Most renewals still depend on the customer not knowing what to ask. The uncomfortable truth 10K exposed: a lot of B2B renewal revenue assumes the buyer won’t push on pricing or architecture. Agents ask every question. That model is on borrowed time.
Headless was the number one topic at Annual, and pricing hasn’t caught up. 10K pulled sessions from Atlassian, Salesforce, and Vercel all talking about headless everything, then pointed out the vendor renewing us was still on per-seat pricing. The gap between where buyers are going and where vendor pricing sits is now a churn risk.
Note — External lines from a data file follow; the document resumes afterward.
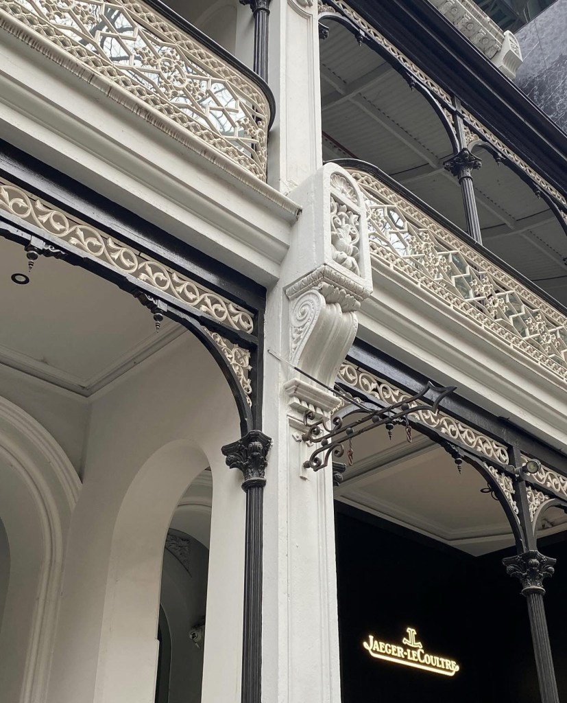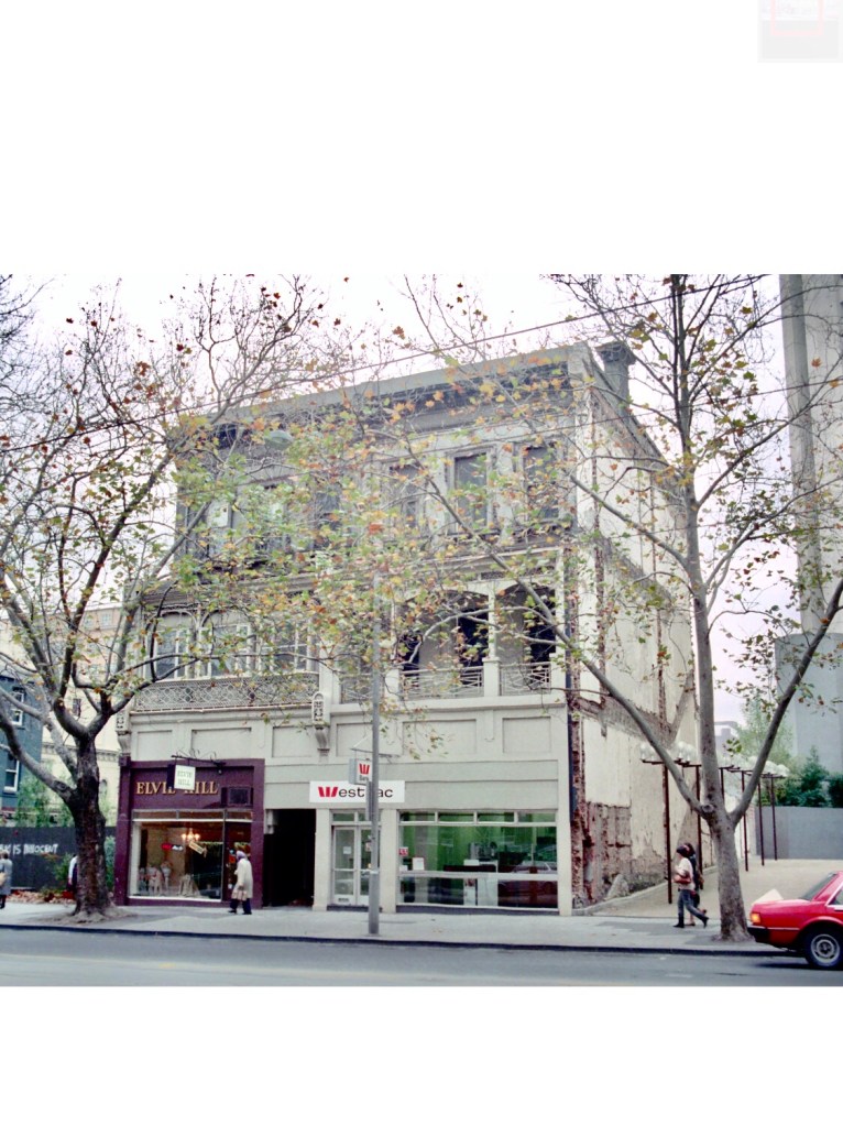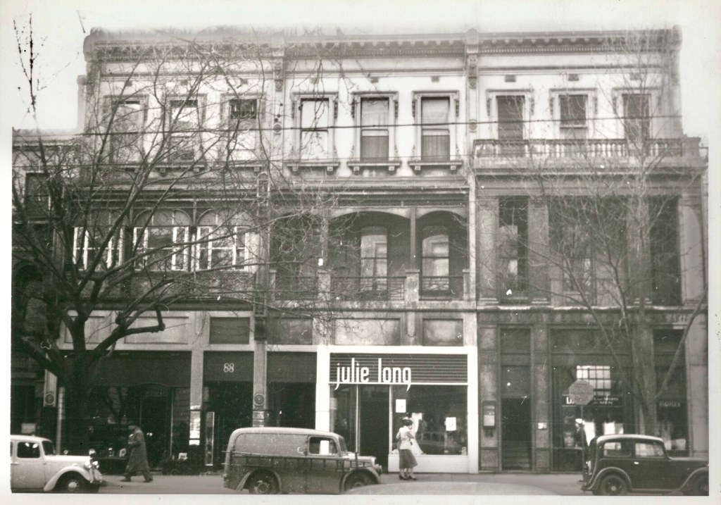 Great photos from 1984 by Graeme Butler of them, after the demolition and before restoration, and another from 1956 showing all three but how very altered the demolished one was. In about 1990 the ground levels of these two were restored (sort of, since there’s shops in them, and ground levels were originally higher, I think). So only the #castironlace of the upper floor of no 88 is original. But the reward wings are intact, which is unusual in the cbd.
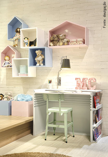 Ciça pegou firme nas cores claras e nos tons pasteis: tendo brancos e off whites como base, usou madeira clara, e completou com cor de rosa, verde e azul clarinhos. No papel de parede, passarinhos, para que nada seja mais leve. As formas dos módulos em forma de casinha (para guardar brinquedos e livros) e as cadeirinhas para se sentar, todas pequenas, leves e arredondadas, para crianças, pois elas são as donas do espaço. Um piso também em madeira claríssima e – com muito orgulho – nosso “Brique Lisser” na cor “Neve” nas paredes, completam o espaço, que quase flutua de tão belo e claro. Aliás, a iluminação é bem sutil, de modo a não interferir no visual geral. Quer mais delicadeza? Difícil, não é? Parece que tudo foi pensado para que a pequena sonhadora possa viajar no mundo da fantasia com toda segurança e certeza de que o mundo, apesar de tudo, ainda pode ser seu.
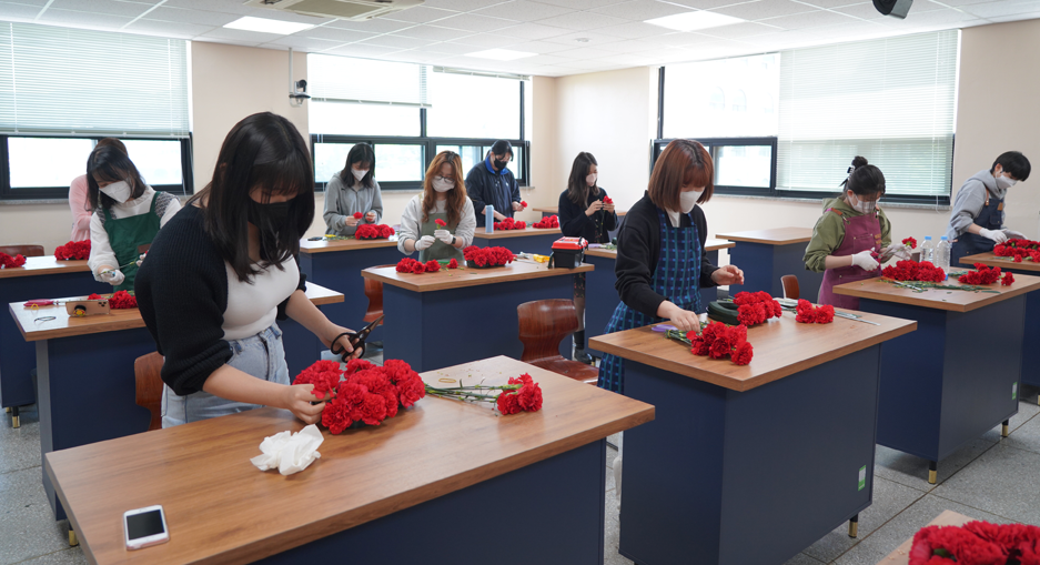 재학생들의 질 높은 교육환경 조성을 위해 화훼장식, 가드닝 수업을 위한 다양한 화훼재료와 기자재의 적극 지원 및 실습과목별 전문 실습실 구축
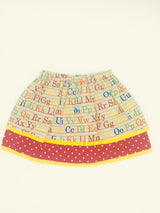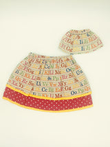 This 100% cotton ABC pattern skirt is paired with a hot pink polkadot double layer and cheerful yellow trim.
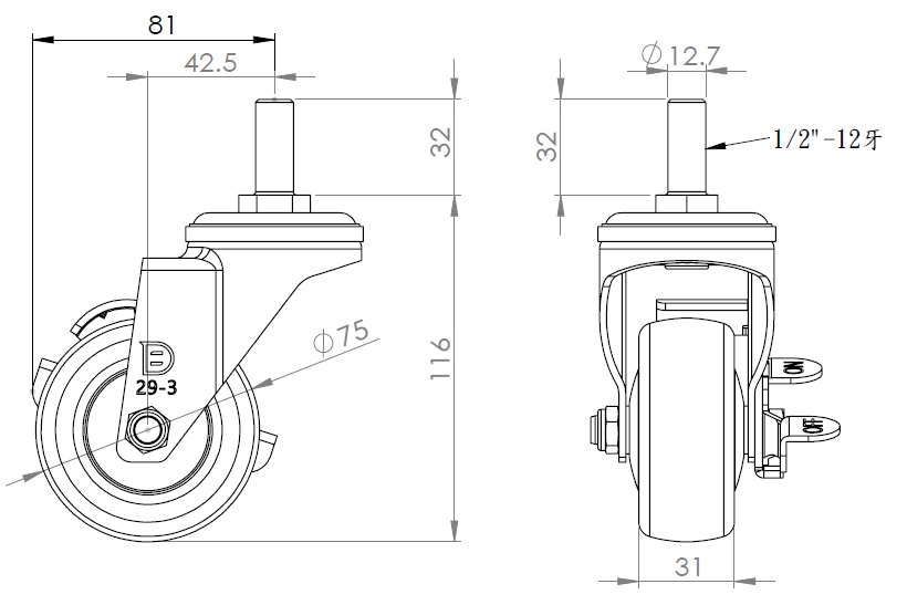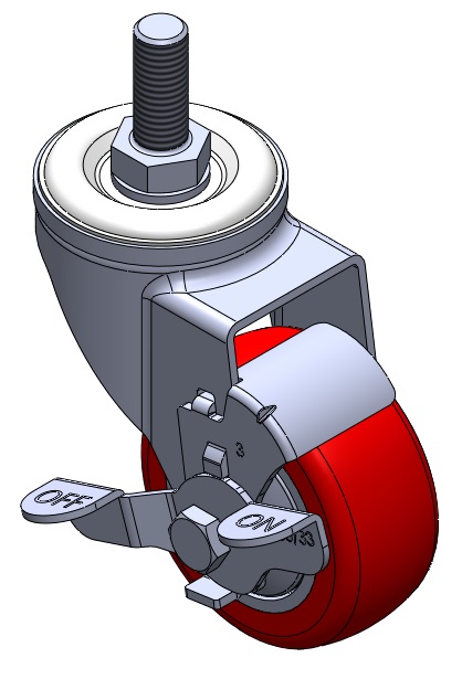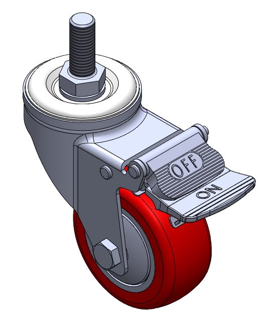 Casters with Side Brakes and With locking system. Threaded Stem Riveted Pressed Fork – 1/2-12 threads.
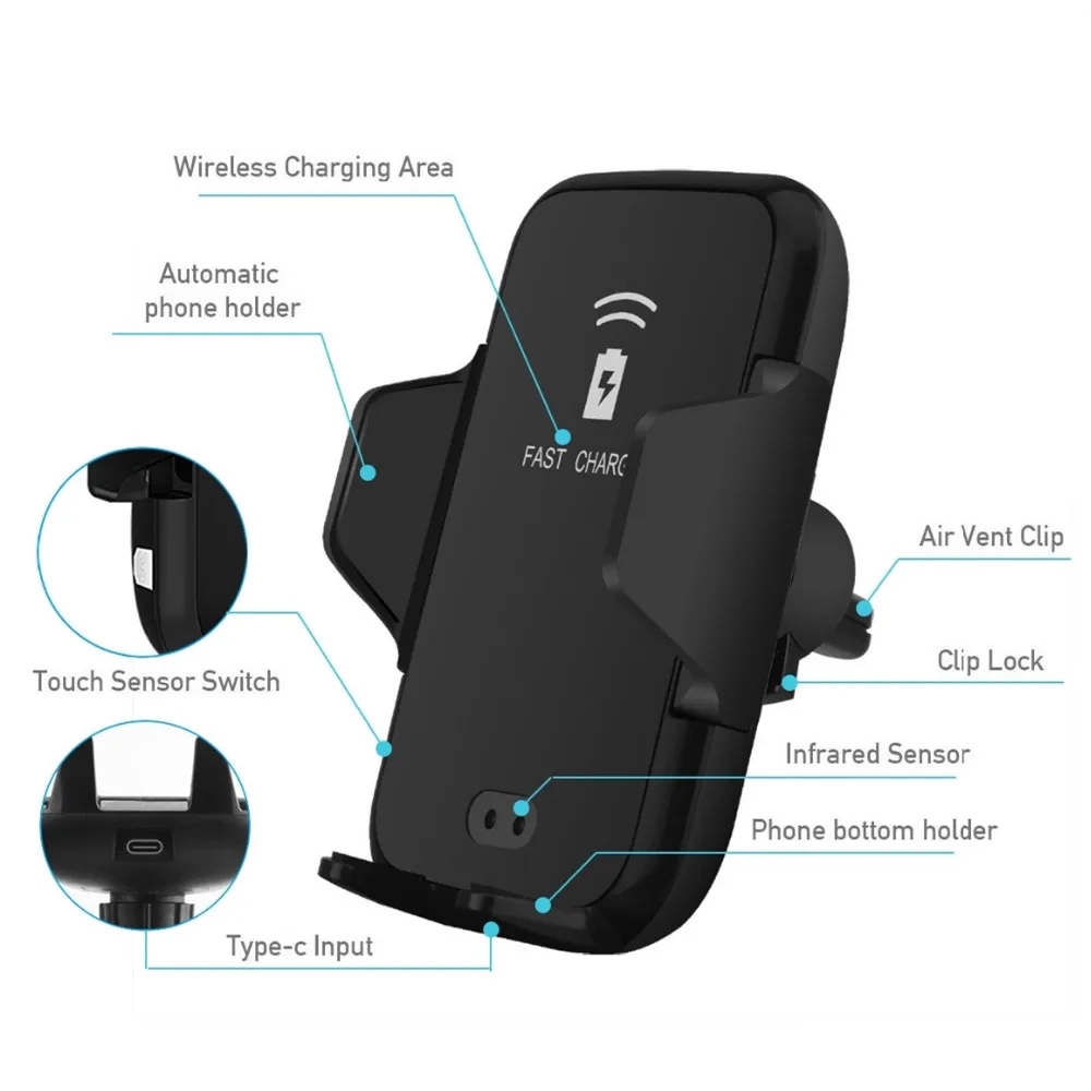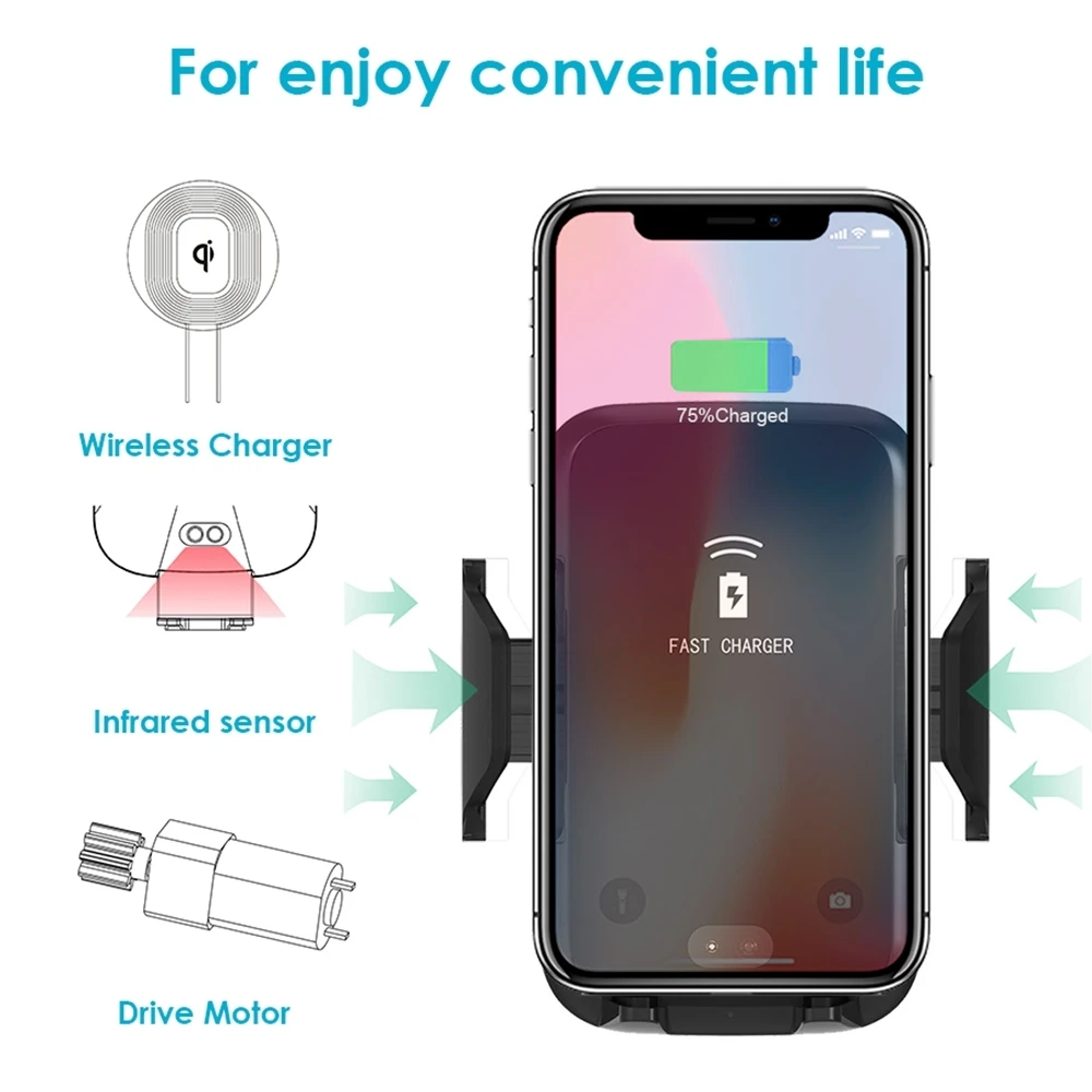 Fully Automatic and One-hand Operation: Equipped with advanced infrared motion sensors and motors, this fast wireless car charger’s clamps will open and close automatically once your phone approaches. You can put your phone on the wireless charger car mount to hold and charge your phone simply with one hand. Touch the metal button on the car phone charger’s left side, the clamps will automatically open for you to take your phone out with only one hand.

What this week actually taught us

Building an agent is now a weekend. But running one in production is a daily job.
The pitch deck app proved you can break a working agent by being too careful.
The finance build proved that context, not specialization, decides what an agent is good at.
The renewal proved the buyer in your pipeline might already be an agent that asks harder questions than any human you’ve sold to.
None of this is set-and-forget, and anyone telling you it is hasn’t run agents past month one.

That’s Episode #007. Same three humans, same 21+ agents, and an agentic finance team that didn’t exist two weeks ago. See you on the next one.